The key innovation is that Alice doesn’t need a direct permanent token with Carol. Even if Alice’s relationship with Carol goes through multiple delegation hops (like Alice ← Dave → Carol), the system can still create a valid token for Bob. The complete proof chain is embedded within the token itself, allowing Bob to validate his connection authority all the way back to Carol’s root authority without needing to contact intermediate parties.

Transitive Trust Network with Proof Chains

Section titled “Transitive Trust Network with Proof Chains”

This creates a network where any user can delegate connection authority through embedded proof chains:

Transitive trust network with proof chains diagram showing initial sharing scenario, synchronization delegation, and validation process

Sync Triggers and Timing

Section titled “Sync Triggers and Timing”

User synchronization occurs in several scenarios:

Login Sync

Section titled “Login Sync”
  • Trigger: User logs into application
  • Scope: Connect to all known peers and sync
  • Purpose: Get updated view of network and shared resources

Resource Share Sync

Section titled “Resource Share Sync”
  • Trigger: User shares a resource with someone new
  • Scope: Immediate sync with new collaborator
  • Purpose: Exchange network knowledge and enable discovery

Document Open Sync

Section titled “Document Open Sync”
  • Trigger: User opens a shared document
  • Scope: Connect to known collaborators on that document
  • Purpose: Prepare for real-time collaboration session

Network Discovery Benefits

Section titled “Network Discovery Benefits”
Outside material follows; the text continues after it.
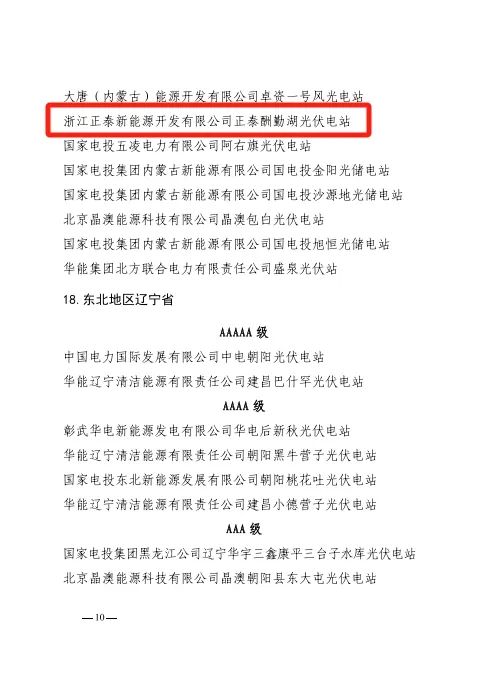 近日,中(zhong)國電力(li)企業聯合會(中(zhong)電聯)公(gong)布(bu)2024年度電力(li)行業光伏(fu)發電運行指標(biao)(biao)對(dui)標(biao)(biao)結果,正泰新能源(yuan)甌泰光伏(fu)電站(zhan)獲華(hua)東地區(qu)浙江(jiang)省AAAA級光伏(fu)電站(zhan),正泰長源(yuan)光伏(fu)電站(zhan)獲東北(bei)(bei)地區(qu)吉林(lin)省AAA級光伏(fu)電站(zhan),正泰酬(chou)勤湖光伏(fu)電站(zhan)獲華(hua)北(bei)(bei)地區(qu)內蒙自治(zhi)區(qu)AAA級光伏(fu)電站(zhan)。 此次評(ping)選,全(quan)國各發電(dian)集團(投資公司(si))共上報2048家集中(zhong)式光伏電(dian)站(zhan)(zhan)參與(yu)對標。評(ping)委會(hui)通過對電(dian)量指標、能耗指標、設備運行水平(ping)(ping)指標開展綜合評(ping)價,經數據公示(shi)、評(ping)審等環(huan)節,最終評(ping)定出(chu)電(dian)力行業 2024 年(nian)度對標得分前 20% 的(de)光伏電(dian)站(zhan)(zhan),有效(xiao)檢驗并鞏固提升電(dian)力行業光伏電(dian)站(zhan)(zhan)能效(xiao)水平(ping)(ping)。 2025年(nian)初,中(zhong)電(dian)(dian)(dian)聯(lian)組織“2024年(nian)度電(dian)(dian)(dian)力行業新(xin)能(neng)源發(fa)電(dian)(dian)(dian)場站(zhan)生產運行指(zhi)標對標數據(ju)(ju)報送”工作(zuo),正(zheng)泰新(xin)能(neng)源按(an)照要求選取所屬(shu)集(ji)中(zhong)式光(guang)伏(fu)電(dian)(dian)(dian)站(zhan)的(de)年(nian)度生產運行數據(ju)(ju)參(can)與(yu)對標,此次是正(zheng)泰新(xin)能(neng)源所屬(shu)存量(liang)資(zi)產首次參(can)與(yu)中(zhong)電(dian)(dian)(dian)聯(lian)對標評(ping)比活動。經(jing)過激烈的(de)角逐,憑借高效的(de)發(fa)電(dian)(dian)(dian)效能(neng)、突出的(de)可(ke)靠性運行指(zhi)標和出色的(de)設備(bei)管理水(shui)平,最終正(zheng)泰新(xin)能(neng)源3座電(dian)(dian)(dian)站(zhan)榮獲評(ping)級(ji),優勝電(dian)(dian)(dian)站(zhan)數量(liang)占比高于80%以上發(fa)電(dian)(dian)(dian)集(ji)團獲評(ping)得獎(jiang)水(shui)平。 正泰新能源(yuan)甌(ou)泰光伏電站 正(zheng)泰(tai)長源(yuan)光伏(fu)電站(zhan) 正泰酬勤湖光伏電(dian)站 4A級代表(biao)省域標桿(gan),3A級為區域領(ling)先(xian),獲評電站代表(biao)處(chu)于全(quan)國光伏電站運營管理(li)的領(ling)先(xian)水平,為行(xing)業(ye)發展(zhan)樹立了標桿(gan)典范。此次獲評,是(shi)對正泰新能源在(zai)資產運營、設備管理(li)和運檢質量等方(fang)面領(ling)先(xian)行(xing)業(ye)水平的高度肯定。 未來(lai),正泰新(xin)能源將持續(xu)做(zuo)好存量資產精細化運營(ying)管理,實現(xian)資產增(zeng)值保值,保持在新(xin)能源行(xing)業的先進水平,達成經(jing)濟(ji)效益(yi)與社會責任(ren)雙贏。 下一篇: 蟬聯!上能電氣,全球第四

This synchronization approach provides several advantages:

Reduced Network Hops: Users can connect directly rather than routing through intermediaries

Offline Resilience: Multiple paths to the same resource through different collaborators

Scalable Discovery: Network knowledge spreads organically through collaboration

Privacy Preservation: Users only learn about others in their shared context

Data Storage and Management

Section titled “Data Storage and Management”

After synchronization, newly discovered users are stored with specific flags:

  • first_sync: false: Mark for full handshake on first connection
  • Device Information: Complete device lists for direct connection

The system maintains a clear distinction between:

  • Direct Connections: Users who directly shared resources
  • Transitive Connections: Users discovered through mutual collaborators
  • Device vs User Identity: Separate tracking of user identities and their devices

Resource Synchronization

Section titled “Resource Synchronization”

While this document covers the user and network discovery aspects of synchronization, the actual resource content synchronization (CRDT state transfer, vector clock resolution, and document merging) is covered in a separate Resource Synchronization document. That process handles:

  • Transferring actual document content and CRDT states
  • Resolving vector clock differences for shared resources
  • Managing encrypted AES key distribution for new collaborators
  • Handling permission changes and access revocation

This separation allows user network discovery to work independently of resource content sync, enabling efficient synchronization patterns based on different use cases.